In the example above, we clearly see a trade-off between the true positive rate and the true negative rate. At lower decision thresholds, more instances are classified as positives. As such, we are also able to correctly identify more true positives. At the extreme \(t=0\), all instances are classified as positive, resulting in \(tpr=1\). At higher decision thresholds, more instances are classified as negatives. As a result, the number of true negatives increases, but the number of true positives decreases. Again, at the extreme \(t=1\), all instances are classified as negatives, resulting in \(tnr=1\).

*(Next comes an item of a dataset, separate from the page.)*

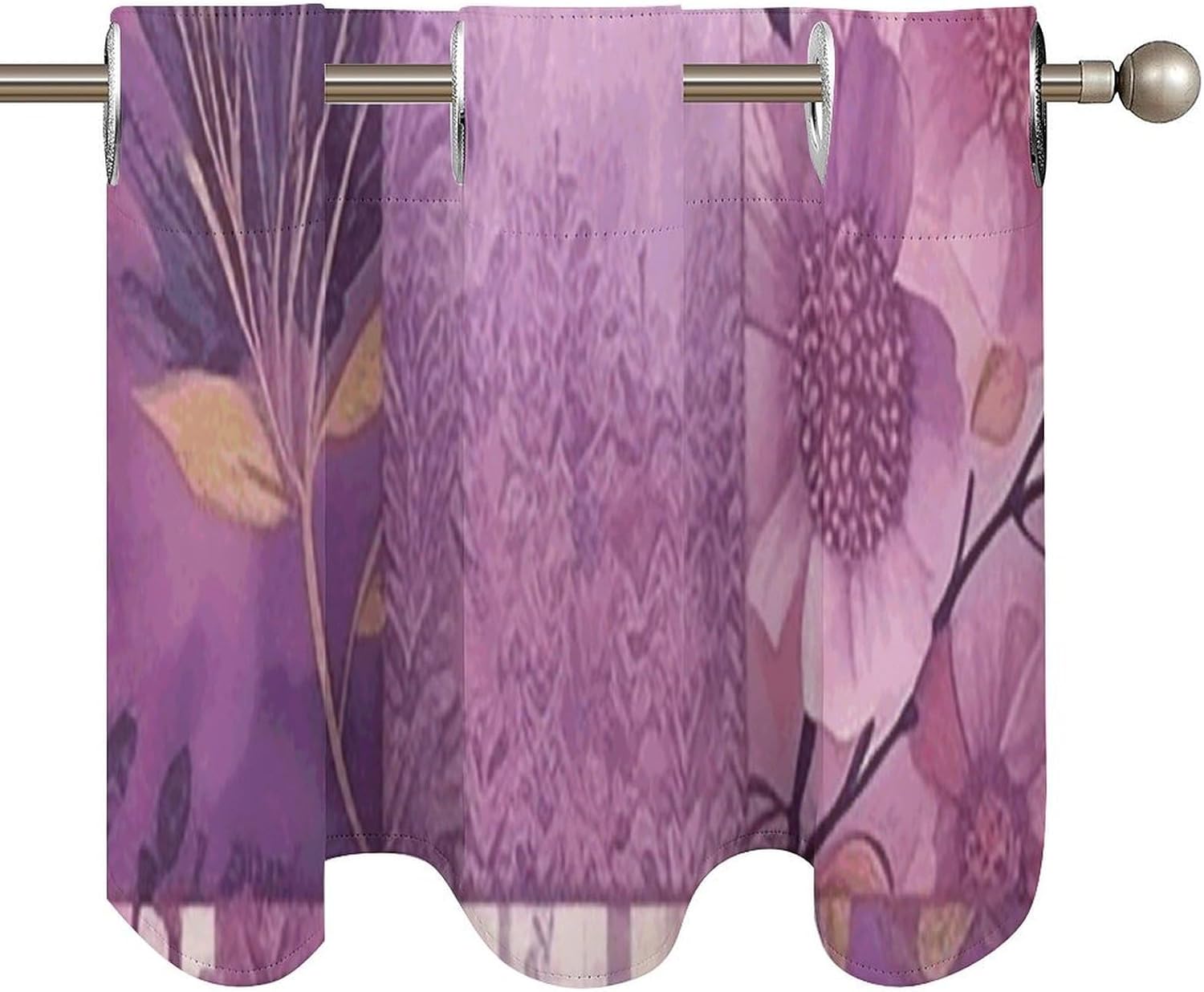 Introducing our 2-piece Purple Flowers Collage Curtain Valance, a wonderful blend of functionality and elegance to elevate your window decor. Measuring 52 x 18.1 inches per piece, this Purple Flowers Collage curtain set fits most windows, making it a versatile choice for any room. Crafted from premium curtain fabric, it combines soft touch with long-lasting durability, bringing comfort and practicality to your space. This Purple Flowers Collage modern curtain features an elegant appearance and smooth texture, adding sophistication to your windows. As a light filtering curtain, it gently softens sunlight while providing moderate privacy, creating a warm glow—ideal for spaces wanting natural light without harsh glare. It also boasts impressive light-blocking performance, insulating your room from heat, protecting furniture and floors from UV damage, and creating a comfortable environment for better sleep. Designed for convenience, each Purple Flowers Collage curtain has a 4.5cm curtain hole for easy installation on most rods. The washable fabric maintains its shape and softness after multiple washes, with nice drape to keep it neat. Whether you need a kitchen curtain, cafe curtain for a cozy nook, or tier curtain for layered decor, this Purple Flowers Collage set fits well. Versatile and stylish, this Purple Flowers Collage set works seamlessly as Valances or Curtain Valance, complementing various decor styles. It can also be used as a printed curtain to add a subtle decorative touch to your living room, bedroom, kitchen, or other spaces. Suitable for most windows, this Purple Flowers Collage modern curtain is a practical that combines functionality with timeless style. Upgrade your window treatments with our 2-piece Purple Flowers Collage Curtain Valance set—where quality, style, and functionality meet.

In our example, it seems that the default decision threshold in scikit-learn, \(t=0.5\), provides a good balance between the number of false positives and false negatives. In practice, however, the default decision threshold may not represent an adequate trade-off. For example, the predicted scores may be skewed towards lower or higher values, making \(t=0.5\) a suboptimal choice. In other cases, we may not value false positives and false negatives equally and, as such, prefer to trade off one for the other by decreasing or increasing the decision threshold.

Note

The decision threshold should always be selected based on a validation data, not training data. Why this is an essential part of a proper machine learning pipeline will be explained in more detail in chapter Model Selection.

Note

The Python library scikit-lego provides a useful wrapper class, sklego.meta.Thresholder, that can be used to optimize a model’s decision threshold within a scikit-learn cross-validation pipeline.

Cost-Sensitive Learning Algorithms#

It is often also possible to directly take into account misclassification costs during learning. In particular, it may be possible to weigh instances of a particular class differently in the algorithm’s loss function. For example, sklearn.linear_model.LogisticRegression has a class_weight parameter that allows to adjust the weight for each class.

for class_weight in [{0:10, 1:1}, {0:1, 1:10}, {0:1, 1:1}]:
    clf = LogisticRegression(class_weight=class_weight)
    clf.fit(X_train, y_train)
    y_pred = clf.predict(X_val)
    print('class_weight {}'.format(class_weight))
    print('  tpr : {:.2f}'.format(true_positive_rate(y_true=y_val, y_pred=y_pred)))
    print('  tnr : {:.2f}'.format(true_negative_rate(y_true=y_val, y_pred=y_pred)))
class_weight {0: 10, 1: 1}
  tpr : 0.91
  tnr : 1.00
class_weight {0: 1, 1: 10}
  tpr : 1.00
  tnr : 0.78
class_weight {0: 1, 1: 1}
  tpr : 1.00
  tnr : 1.00

Sampling Approaches#

Similar to cost-sensitive learning, oversampling and undersampling techniques serve to emphasize one class over another. Oversampling techniques increase the number of samples in the data set of the minority class, whereas undersampling techniques decrease the number of samples in the majority class.

The most naive sampling approaches use random resampling, in which instances in the original training data set are randomly selected. In the case of random oversampling, instances of the minority class are randomly selected and duplicated. Random undersampling, on the other hand, randomly deletes instances of the majority class from the data set. More sophisticated approaches, such as SMOTE or prototypes, generate synthetic examples to achieve a more ‘balanced’ data set.

Note

The Python library imbalanced-learn implements various oversampling and undersampling approaches.